Work required. For this exercise, write out only the lines of the entries below from the one with "Description : Christmas" up to and including the one with "Clouds and cloud", exactly as they are. Pictures stay out.

The input.
##########

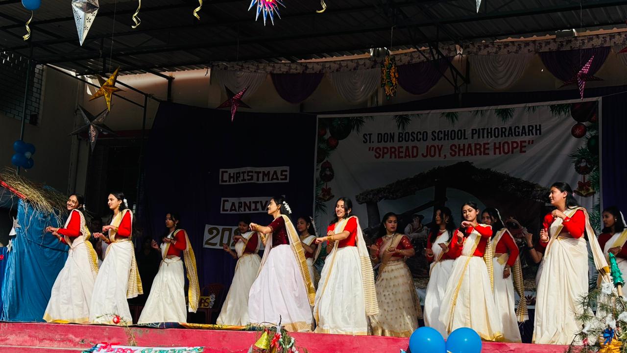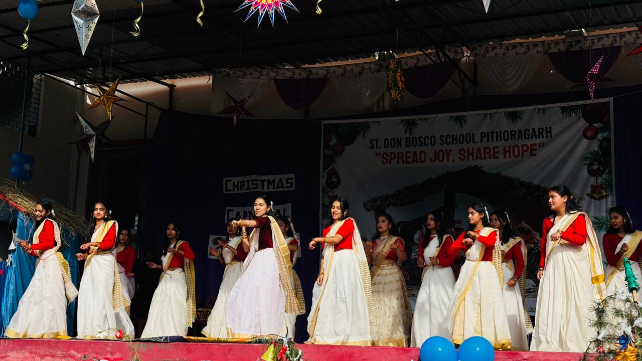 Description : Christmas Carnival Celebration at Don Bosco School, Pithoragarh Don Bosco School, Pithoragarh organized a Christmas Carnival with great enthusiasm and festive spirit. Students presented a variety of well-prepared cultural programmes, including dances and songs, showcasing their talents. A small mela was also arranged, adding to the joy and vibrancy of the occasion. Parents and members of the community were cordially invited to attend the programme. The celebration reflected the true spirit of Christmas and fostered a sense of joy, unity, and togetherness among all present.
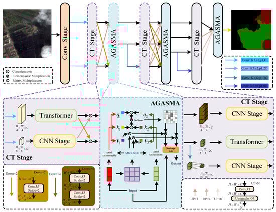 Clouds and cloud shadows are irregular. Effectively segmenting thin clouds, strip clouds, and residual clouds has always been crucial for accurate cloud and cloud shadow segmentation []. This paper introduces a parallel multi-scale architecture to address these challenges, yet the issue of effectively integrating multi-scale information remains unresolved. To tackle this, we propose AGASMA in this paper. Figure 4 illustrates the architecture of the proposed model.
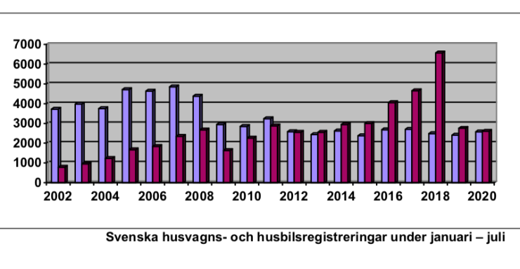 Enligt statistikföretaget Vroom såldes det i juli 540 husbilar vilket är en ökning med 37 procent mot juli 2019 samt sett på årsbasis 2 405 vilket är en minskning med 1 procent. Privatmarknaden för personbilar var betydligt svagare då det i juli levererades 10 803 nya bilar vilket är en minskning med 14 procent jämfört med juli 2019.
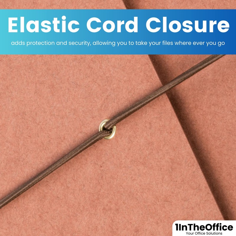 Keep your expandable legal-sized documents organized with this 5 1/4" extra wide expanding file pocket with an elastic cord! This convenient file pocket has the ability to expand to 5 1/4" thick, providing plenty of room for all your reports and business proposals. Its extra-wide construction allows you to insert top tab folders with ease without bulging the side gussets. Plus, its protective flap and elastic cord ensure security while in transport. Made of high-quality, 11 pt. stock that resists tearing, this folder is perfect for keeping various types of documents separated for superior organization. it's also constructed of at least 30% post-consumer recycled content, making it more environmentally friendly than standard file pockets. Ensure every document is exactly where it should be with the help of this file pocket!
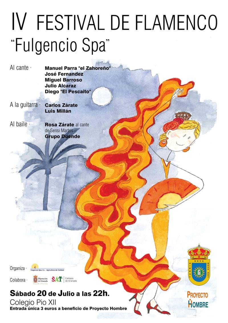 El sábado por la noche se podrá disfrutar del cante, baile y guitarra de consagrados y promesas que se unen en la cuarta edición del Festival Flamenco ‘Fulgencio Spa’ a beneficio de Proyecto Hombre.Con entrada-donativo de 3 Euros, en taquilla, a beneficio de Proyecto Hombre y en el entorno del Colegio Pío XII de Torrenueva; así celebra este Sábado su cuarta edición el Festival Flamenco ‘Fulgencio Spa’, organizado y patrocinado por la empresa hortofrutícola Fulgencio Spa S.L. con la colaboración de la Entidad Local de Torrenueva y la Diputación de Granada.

##########

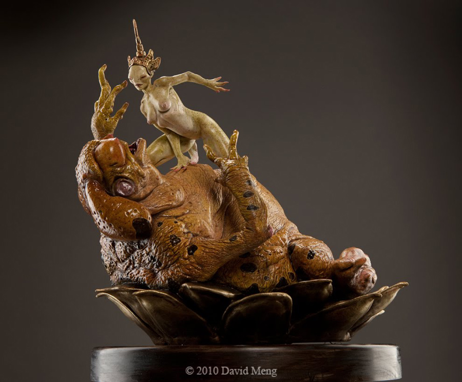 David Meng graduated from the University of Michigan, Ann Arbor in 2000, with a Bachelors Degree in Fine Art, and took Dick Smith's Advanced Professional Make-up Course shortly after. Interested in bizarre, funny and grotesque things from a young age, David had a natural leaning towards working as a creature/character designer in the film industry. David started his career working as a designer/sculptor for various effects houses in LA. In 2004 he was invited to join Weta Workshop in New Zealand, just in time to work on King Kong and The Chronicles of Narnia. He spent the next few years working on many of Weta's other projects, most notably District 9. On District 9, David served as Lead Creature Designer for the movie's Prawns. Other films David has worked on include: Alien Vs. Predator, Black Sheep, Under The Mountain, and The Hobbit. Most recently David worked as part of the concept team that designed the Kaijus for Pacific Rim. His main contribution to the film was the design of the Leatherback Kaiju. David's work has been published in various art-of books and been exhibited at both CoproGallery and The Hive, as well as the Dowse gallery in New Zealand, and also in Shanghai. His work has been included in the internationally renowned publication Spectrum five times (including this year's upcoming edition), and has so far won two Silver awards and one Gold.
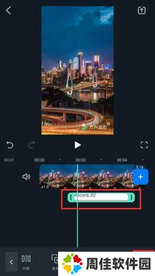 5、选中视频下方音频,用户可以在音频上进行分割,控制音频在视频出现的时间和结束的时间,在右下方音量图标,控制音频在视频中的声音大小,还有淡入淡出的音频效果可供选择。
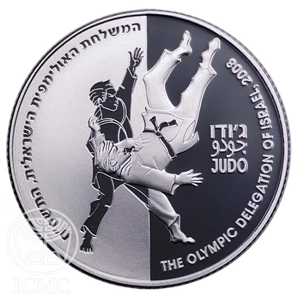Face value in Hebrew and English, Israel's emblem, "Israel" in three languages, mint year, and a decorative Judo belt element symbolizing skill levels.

##########

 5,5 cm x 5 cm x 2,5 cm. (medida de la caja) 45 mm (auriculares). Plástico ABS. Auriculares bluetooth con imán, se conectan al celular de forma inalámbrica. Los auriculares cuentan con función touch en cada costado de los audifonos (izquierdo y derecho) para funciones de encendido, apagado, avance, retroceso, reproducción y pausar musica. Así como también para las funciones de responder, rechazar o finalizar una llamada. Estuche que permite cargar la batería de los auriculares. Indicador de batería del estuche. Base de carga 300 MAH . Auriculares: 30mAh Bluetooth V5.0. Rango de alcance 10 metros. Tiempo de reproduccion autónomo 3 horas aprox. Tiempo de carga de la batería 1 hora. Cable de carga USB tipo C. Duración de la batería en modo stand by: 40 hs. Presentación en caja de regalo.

##########

Task output.
 Description : Christmas Carnival Celebration at Don Bosco School, Pithoragarh Don Bosco School, Pithoragarh organized a Christmas Carnival with great enthusiasm and festive spirit. Students presented a variety of well-prepared cultural programmes, including dances and songs, showcasing their talents. A small mela was also arranged, adding to the joy and vibrancy of the occasion. Parents and members of the community were cordially invited to attend the programme. The celebration reflected the true spirit of Christmas and fostered a sense of joy, unity, and togetherness among all present.
 Clouds and cloud shadows are irregular. Effectively segmenting thin clouds, strip clouds, and residual clouds has always been crucial for accurate cloud and cloud shadow segmentation []. This paper introduces a parallel multi-scale architecture to address these challenges, yet the issue of effectively integrating multi-scale information remains unresolved. To tackle this, we propose AGASMA in this paper. Figure 4 illustrates the architecture of the proposed model.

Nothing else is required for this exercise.